Many HTML processors use 'DOCTYPE switching' to select different quirks to match the bugs in other programs. With MU, you are supposed to be able to use the features section of the MUD file to assert the need for different processing models or whatever.

MU compared with XML

MU does not have a !DOCTYPE declaration, PUBLIC identifier for its DTD, or a DTD. The functions of the XML DTD are

  • defining default attributes (MU does not have default attribute values);
  • some checks for document validity (MU would use external validators, in the style of Relax NG and XSD);
  • defining entities (MU restricts entities to chacter entities and can define them in the MUD file).

In addition, SGML DTDs can alter the syntax by defining some element-types as empty; MU does that through the MUD file.

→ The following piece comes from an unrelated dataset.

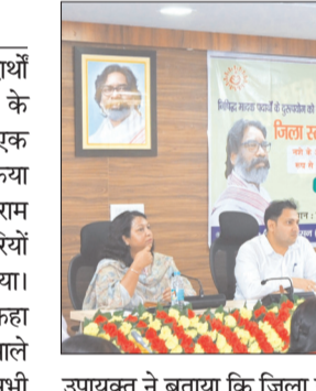
समेत कई अन्य अधिकारी और कर्मचारी उपस्थित रहे।

विश्व बाल श्रम निषेध दिवस के अवसर पर पॅसिल पोटेल की जानकारी भी दी गई, जिसके माध्यम से कोई भी व्यक्ति बाल श्रम से संबंधित घटनाओं की गोपनीय रूप से सूचना दे सकता है। मास्टर ट्रेनर्स द्वारा नशा मुक्ति से जुड़ी विशेष प्रशिक्षण सत्र आयोजित की गई और सरकार के इस आंदोलन को जन-जन तक पहुंचाने का संदेश दिया गया। कार्यक्रम में जिला अनुमंडल पदाधिकारी खोरिगहुआ, पुलिस उपाधीक्षक, जिला समाज कल्याण पदाधिकारी, खाद्य सुरक्षा पदाधिकारी

MU has namespaces, but they are defined in the MUD file rather than in-line (saving on typing, if nothing else). It also treats unqualified tag-names differently, allowing them to be in whichever vocabulary makes most sense. Some of the functions XML uses namespaces for are achieved through feature declarations in the MUD.

MU does not have XML's encoding pseudo-attribute; instead MU requires that external metadata be used to establish the conversion from bytes to characters. My META proposal is intended to shore up those operating systems that have problems in this regard.

MU does not have NOTATION definitions.

XML models the document as an ordered tree of nodes, the leaf nodes being text nodes or empty elements. MU considers a document to be a character sequence, with some ranges (possibly overlapping) tagged with optional attributes. Where XML is a semi-plausible format for exchanging non-document datasets (such as serialized database tables, RSS, and XML-RPC), in the world of MU, one might prefer YAML for those tasks.

Compared with LMNL

LMNL is another mark-up language firmly rooted in the concept of marking up text. Like MU, tags mark ranges that may overlap. LMNL has a properly worked out processing model that MU would steal wholesale. LMNL uses a different microsyntax, with start tags written [par} and end tags {par]. This addresses neatly one of the annoyances of SGML-derived languages, the one-character difference between <foo> and </foo>. It also gives them an unambguous empty-range notation: [img].

LMNL has a much more powerful attribute syntax -- each annotation's value is potentially a LMNL text layer, whereas MU, like XML and HTML, limits attribute values to unstructured character data. I believe that all MU documents can be trivially converted to LMNL, and LMNL documents with simple enough attributes can be transformed to MU.


2004-08-06: Added sections on XML and LMNL